Work your heart and lungs every day – walking for at least 30 minutes a day is the best prevention for all chronic diseases including heart disease, diabetes, stroke, and dementia. For weight loss you need to increase to 60-90 minutes a day.

Build up muscles – Chair exercises using one to two pound weights are an easy way to build muscle and increase metabolism. Working muscles from head to toe three times a week improves balance and helps prevent falls. Stretch muscles before and after physical activity to warm them and reduce muscle cramping.

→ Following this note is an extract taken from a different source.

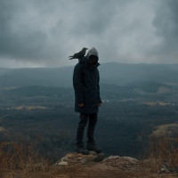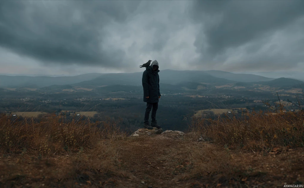 an elevated position, possibly atop a hill or mountain. The person is wearing a dark-colored outfit and has their back to the viewer, looking out over a landscape that includes fields,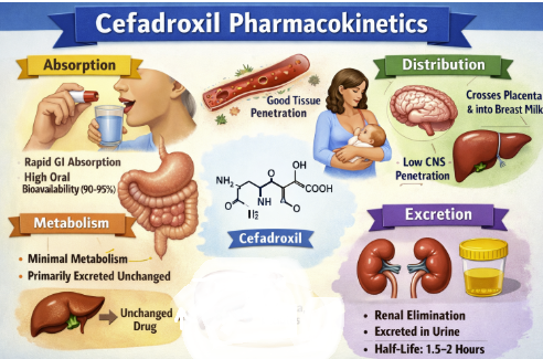 Cefadroxil is noted for its excellent oral bioavailability, likely at least 90%.16

Two is better than one – The two most important indicators for healthy aging are staying both socially and physically active. Joining a gym or senior center is a great way to do both.

Make a splash – Pool exercise is a beneficial, safe alternative to build and strengthen muscles, and improve lung and cardiac health. The water creates a low-impact environment which is safe for those who suffer from injuries or arthritis.

Show and tell – Keeping up with grandchildren can be a workout in itself. Active grandparents not only have more fun with their families but are a great role model for the entire family.

According to Dr. Himes-Fordyce, “Daily physical activity is essential for brain health.” In addition to daily walks she suggests the following activities to keep your mind actively working:

Challenge yourself – Crossword puzzles, bridge, Sudoku or math problems are great mental exercise. Learning new things like a new language, memorizing songs or poetry can actually make new neural connections in the brain, which will then help to expand memory.

Minimize passive activity – Try to limit the amount of time spent watching TV or movies. Sedentary activities dull brain activity.

Help others – Volunteering is a great way to keep socially and mentally active.

Christine Himes-Fordyce, M.D. is a member of the American Geriatrics Society.